"""

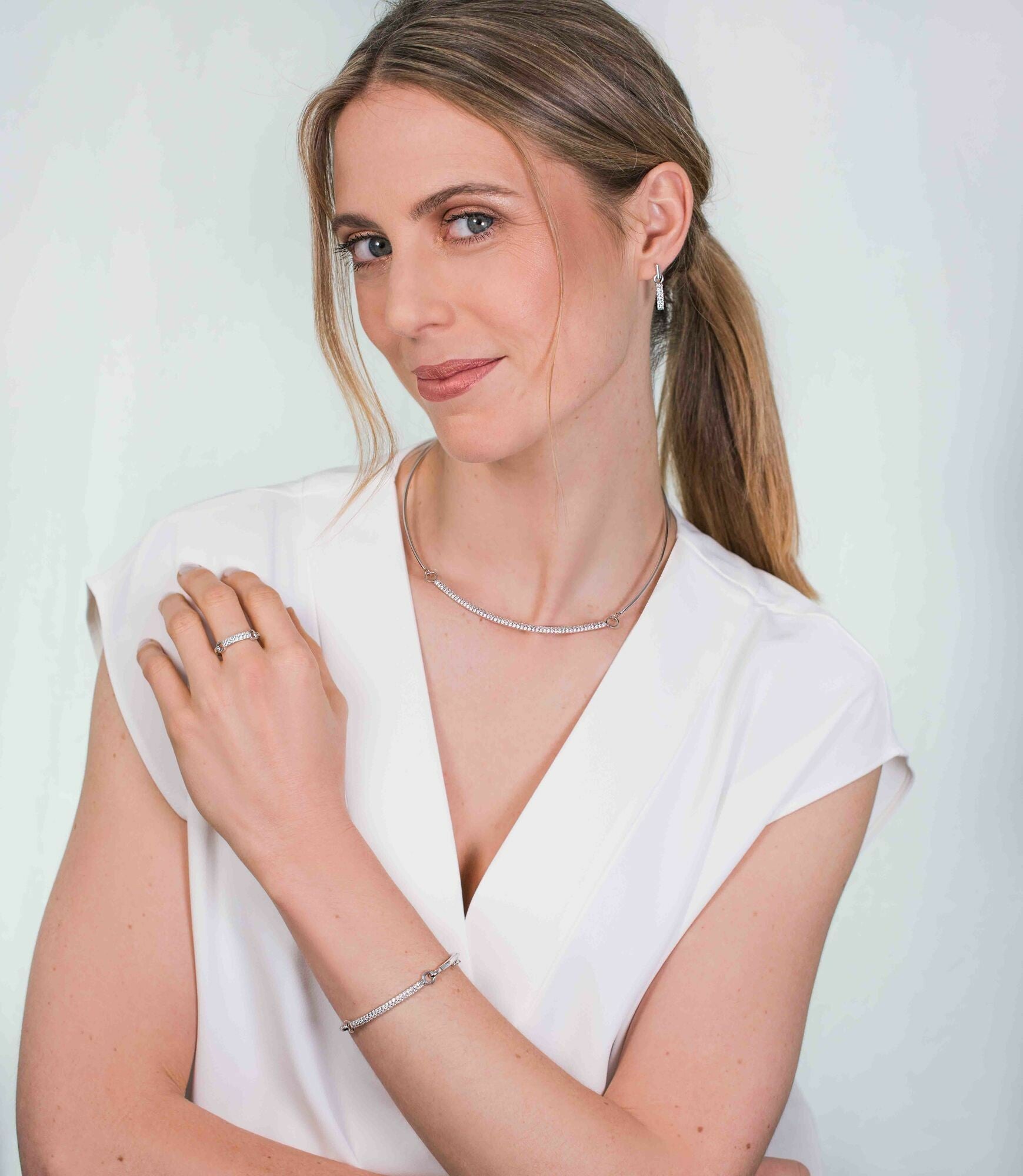 ZINZI zilveren spang collier van 3mm breed, waarbij het gedeelte dat op de hals valt schitterend is bezet met witte zirconia's. Voorzien van een fraaie sluiting en met herkenbaar Zinzi hartje. De ketting is in lengte te variëren van 42 tot 45 cm. Vervaardigd van eerste gehalte zilver (925) en voorzien van een extra rodiumlaag voor langdurige glans.
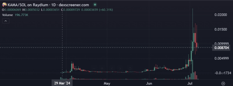먼저 바이든 대통령을 테마로 만들어진 제오 보든(BODEN)은 지난 TV토론 이후 가격이 35% 급락했다. 7일 오후 4시 현재 제오 보든은 전일대비 1.87% 하락한 0.037달러를 기록 중이다. 반면 같은시간 카멀라 해리스를 주제로 한 밈코인 카말라 호리스(KAMA)는 전일대비 23.8% 급등한 0.014달러에 거래됐다. 특히 바이든 후보 교체설이 제기된 지난 3일에는 하룻동안 가격이 약 400% 폭등하기도 했다.
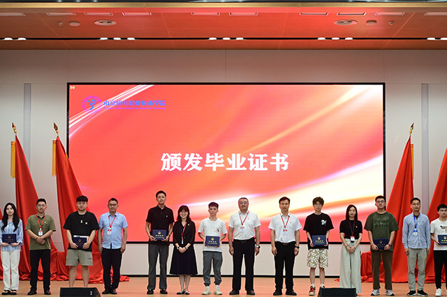 在颁发毕业证书的环节中,学校党委委员副校长刁爱军、信息工程系主任王国珍、党支部书记胡枫等领导亲自上台,为即将步入社会的学子们颁发这一象征着荣誉与责任的证书。毕业生们依次上台,从老师们手中接过属于自己的毕业证书,脸上洋溢着幸福的笑容和自豪的神情。
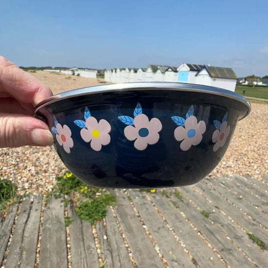 Midnight Navy Blue Retro Daisy Enamel Bowls - Enamelhappy
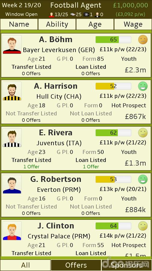 足球经纪人这款游戏将让玩家们体验到绿茵球场上吹来的凉爽风,带领球队的球员们不断的挑战击败任何阻挡你们夺冠的队伍,以势如破竹的姿态赢下一场场的比赛,球场的主场可以随时更换于不同的国家,支持所有世界赛冠军所在的场地,招募更多强力的球员和你并肩作战,制定比赛计划让进球分数不断提高,每一次的进球和场内观众们的欢呼让你也不禁自豪起来,想玩的小伙伴们快来下载足球经纪人试试吧。
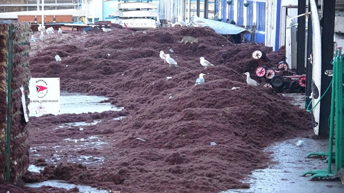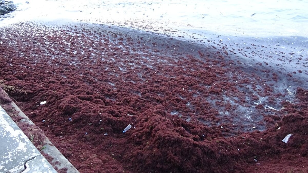 Caddebostan sahilini kırmızı yosunlar kapladı
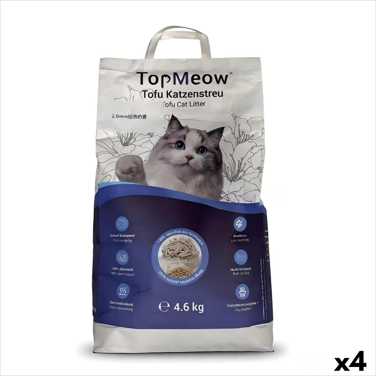 TopMeow Arena Gatti 4,6 kg Crema Assorbente Naturale 4 Pezzi
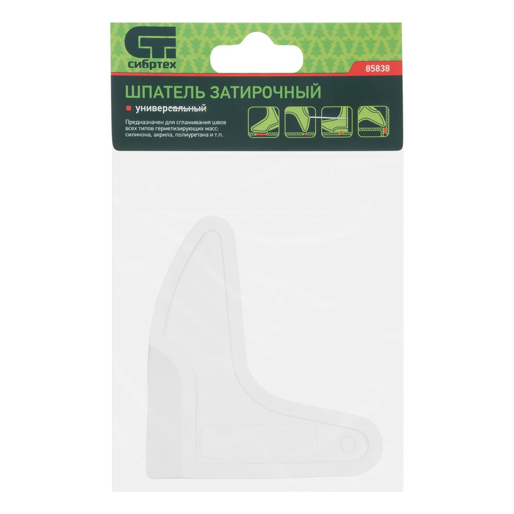 Универсальный затирочный шпатель Сибртех 85838 предназначен для сглаживания швов. Используется при проведении отделочных работ с силиконовыми, акриловыми, полиуретановыми и другими герметизирующими материалами. Шпатель не царапает поверхность и подходит для работы с облицовочными материалами.ПреимуществаУниверсальность — шпатель позволяет формировать швы любого типа.Простой уход — изделие из поливинилхлорида легко очищается от герметика.Удобная форма — шпатель надежно ложится в руке и не выскальзывает из ладони.
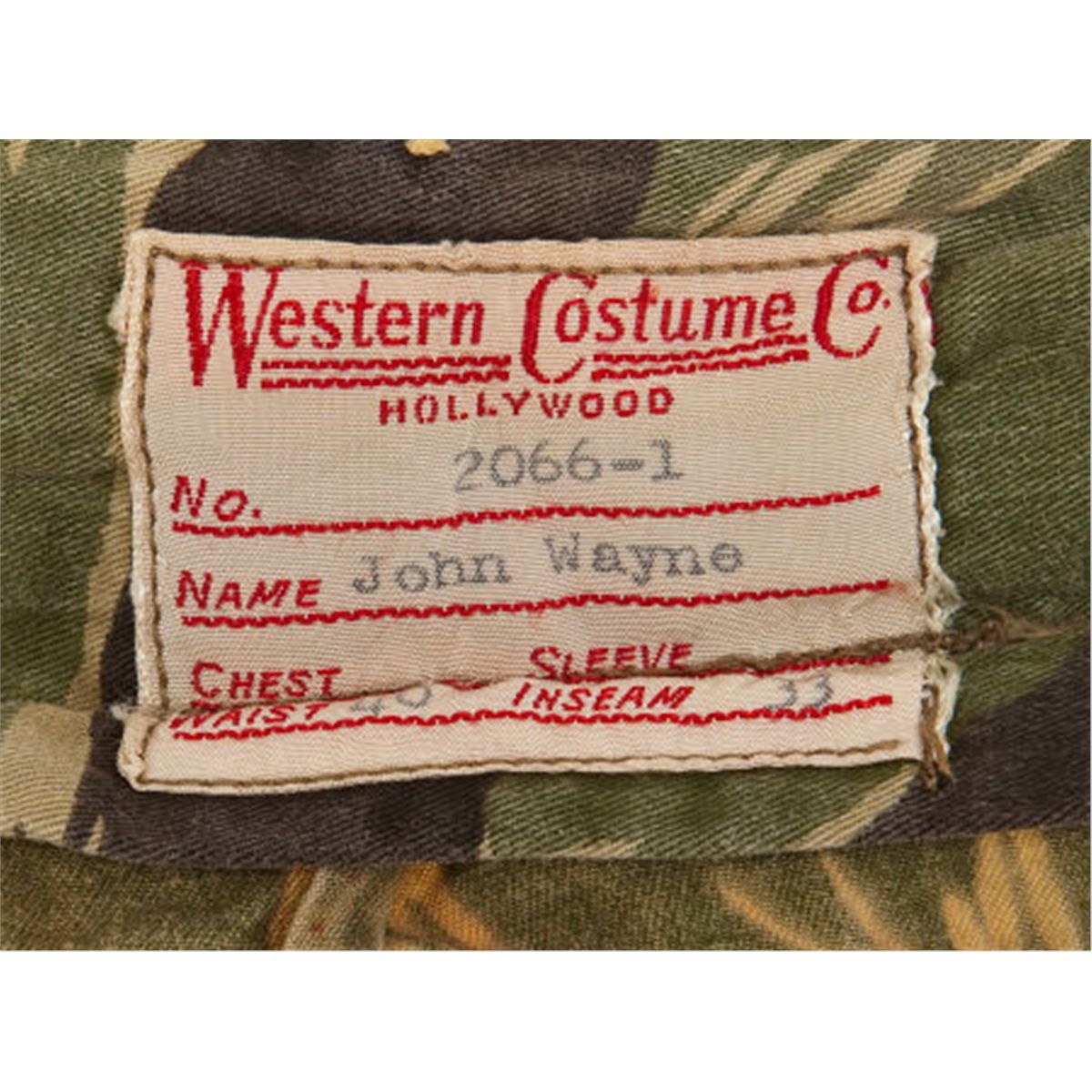 A Pair of Camouflage Fatigues from "The Green Berets." Warner Bros./Seven Arts, 1968. Of standard military design, made of cotton with an olive green and black pattern; shirt has long sleeves, two button-down breast pockets, Western Costume Co. label reads "No. 2066-1 / John Wayne / Chest 48 / Sleeve 19;" together with a pair of matching pants, numerous front, back and side pockets, WCC label reads "No. 2066 - 1 / John Wayne / Waist 40 / Inseam 33;" worn as Wayne portrayed "Colonel Mike Kirby" in the film that co-starred David Janssen.
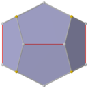 A pyritohedron has 30 edges: 6 corresponding to cube faces, and 24 touching cube vertices.  | |
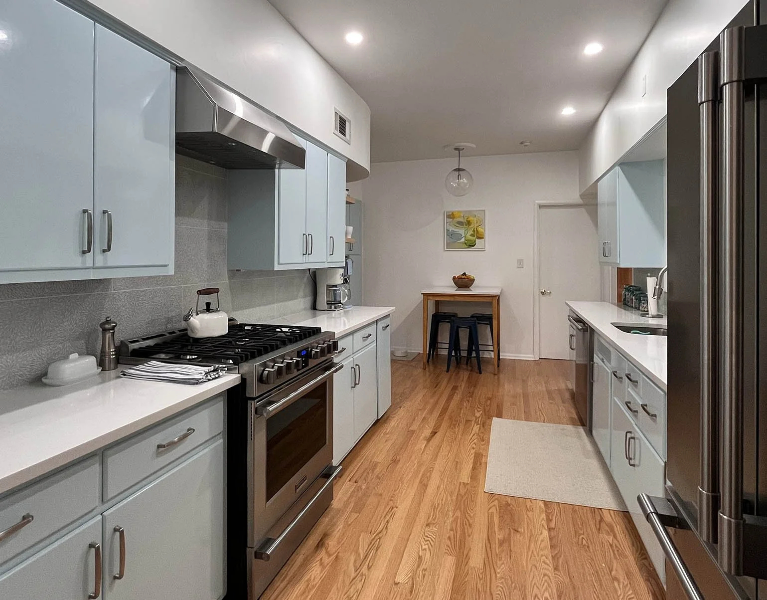 With each home renovation project, we develop a detailed and efficient scope of work tailored to both the client and our subcontractors. For this project, the majority of the transformation centered around refinishing the kitchen cabinets, which required a carefully phased approach.
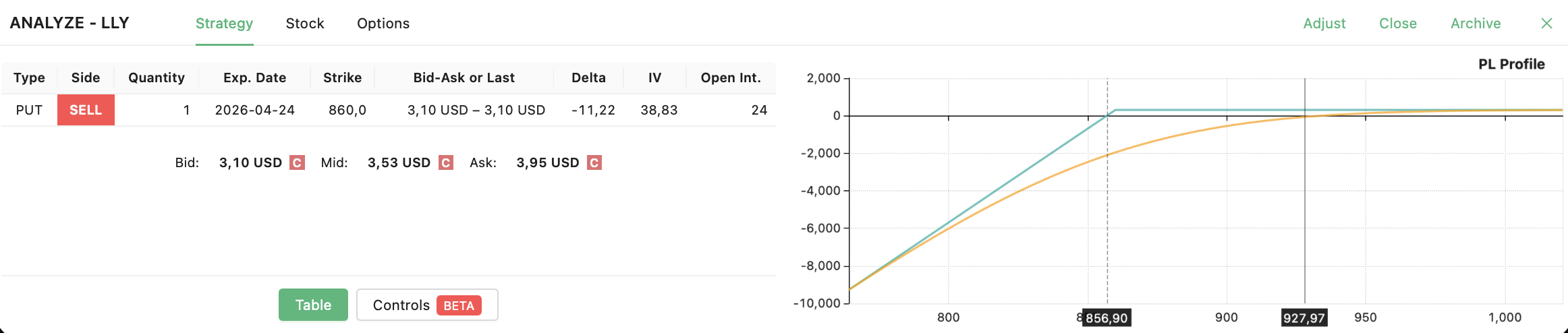 Sell 1x LLY 24 Apr 2026 $860 Put @ $3.10
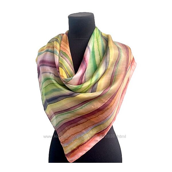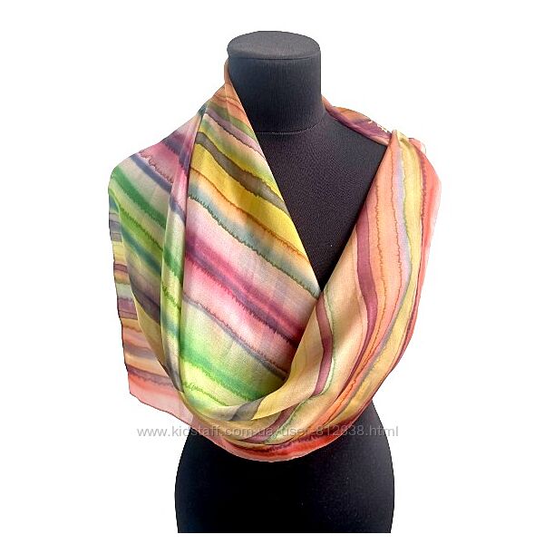 Подробное описание: Ручний розпис шовкова хустка Смужка, натуральний шовк.
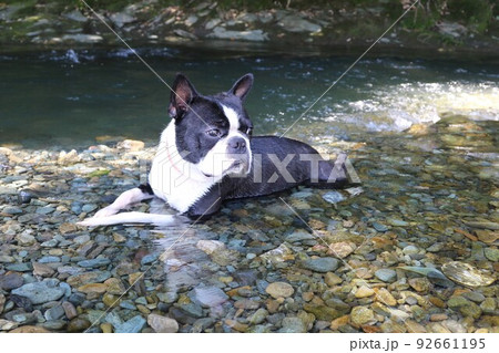 川遊びで人気のときがわ町の冷たい都幾川に入って気持ち良く渓流を眺める可愛いボストンテリアのマイティ君
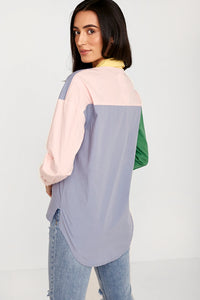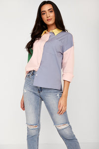 Spice up your wardrobe with this fun colour block shirt, featuring two pockets and dip hem. Style with jeans and trainers to complete the look.
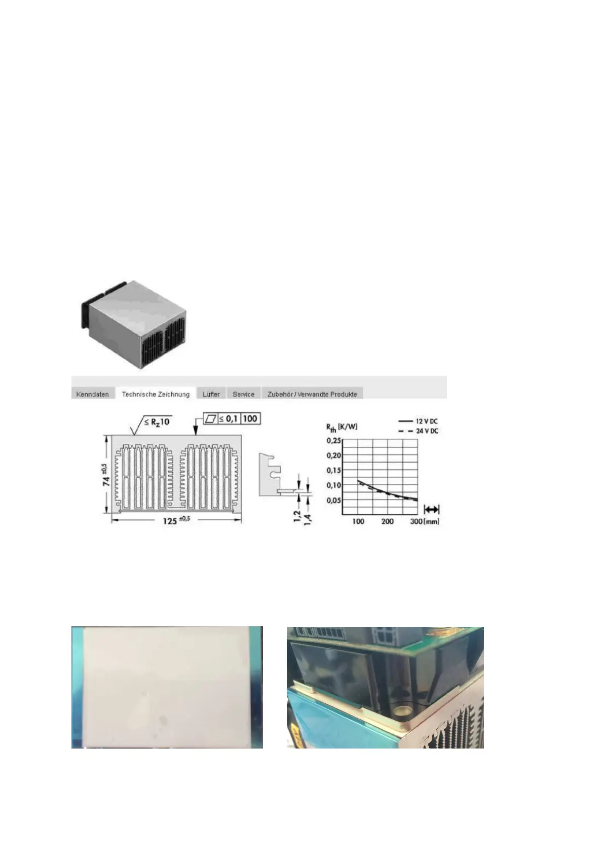 Das Transistormodul muss mit vier M6 Schrauben auf einen Kühlkörper, mit folgenden Eigenschaften

"""

In the answer, the lines from the one containing "Подробное описание: Ручний" to the end of the records above must be written out exactly, both ends included; the pictures must not appear.

 Подробное описание: Ручний розпис шовкова хустка Смужка, натуральний шовк.
 川遊びで人気のときがわ町の冷たい都幾川に入って気持ち良く渓流を眺める可愛いボストンテリアのマイティ君
 Spice up your wardrobe with this fun colour block shirt, featuring two pockets and dip hem. Style with jeans and trainers to complete the look.
 Das Transistormodul muss mit vier M6 Schrauben auf einen Kühlkörper, mit folgenden Eigenschaften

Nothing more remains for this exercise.